Доска объявлений нынешним летом была постоянно облюбована двумя-тремя крупными блестящими синими и зелеными мухами. Отойдя от доски, Баландин мог утречком покружиться по этажу и, вернувшись, увидеть на том же месте вместо блестящего зеленого солидного брюшка какую-нибудь официально вылупившуюся мелочь на только что наклеенном объявлении о выступлении всеми любимого родного хора.

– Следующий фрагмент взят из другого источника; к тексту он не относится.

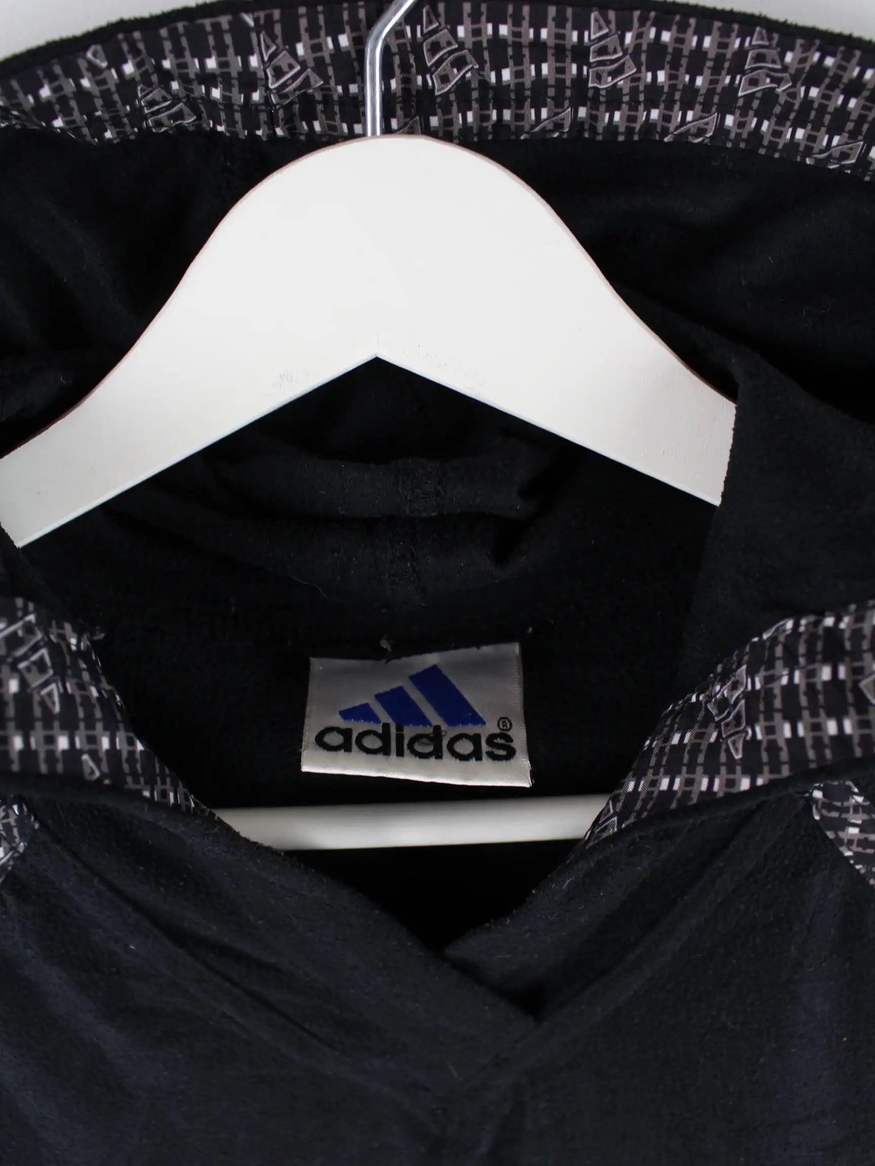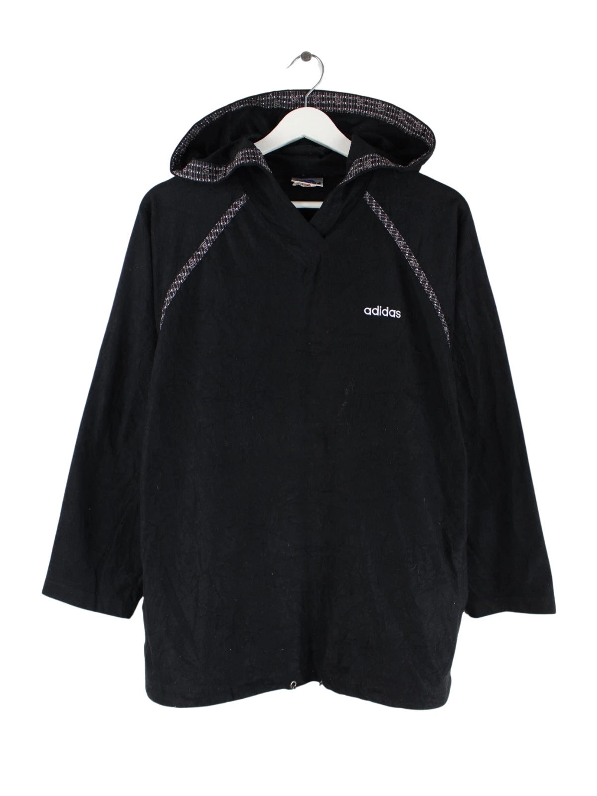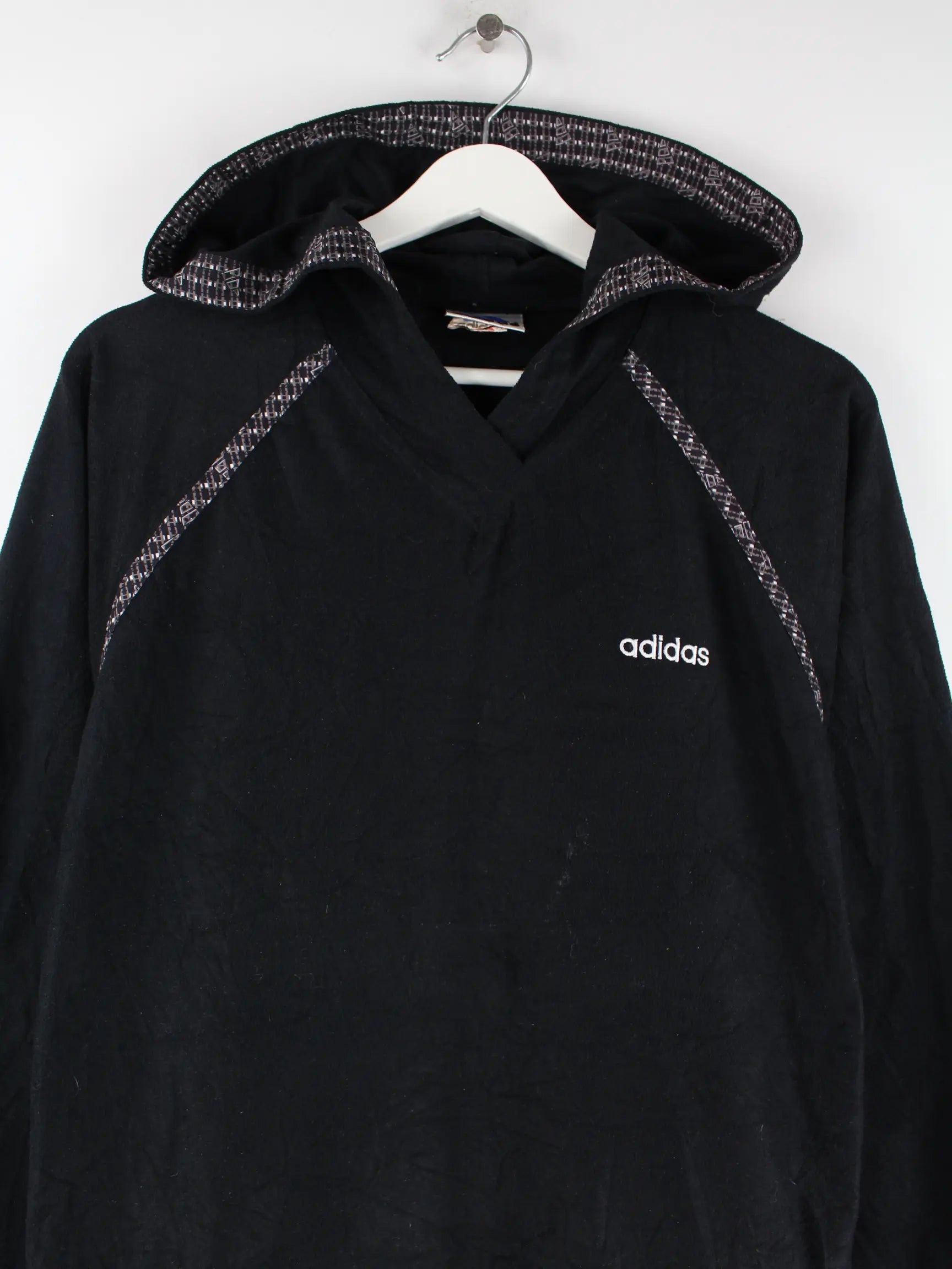 Schwarzer Hoodie des Labels Adidas aus den 90'ern in Größe M. Er ist aus kuscheligem Fleece gefertigt. Den Zustand würden wir als 'In Ordnung' bezeichnen (vergl. Bilder).

Коллектив института давал ежегодно любимый концерт. Это был не простой концерт самодеятельности. Да, это был всего лишь концерт самодеятельности, но что понимать под самодеятельностью. Ведь все шедевры мировой культуры, созданные в течение ста двадцати тысяч лет, это самодеятельность. От наскальной восхитительной живописи до оголенного сечения рук какой-нибудь белейшей статуи.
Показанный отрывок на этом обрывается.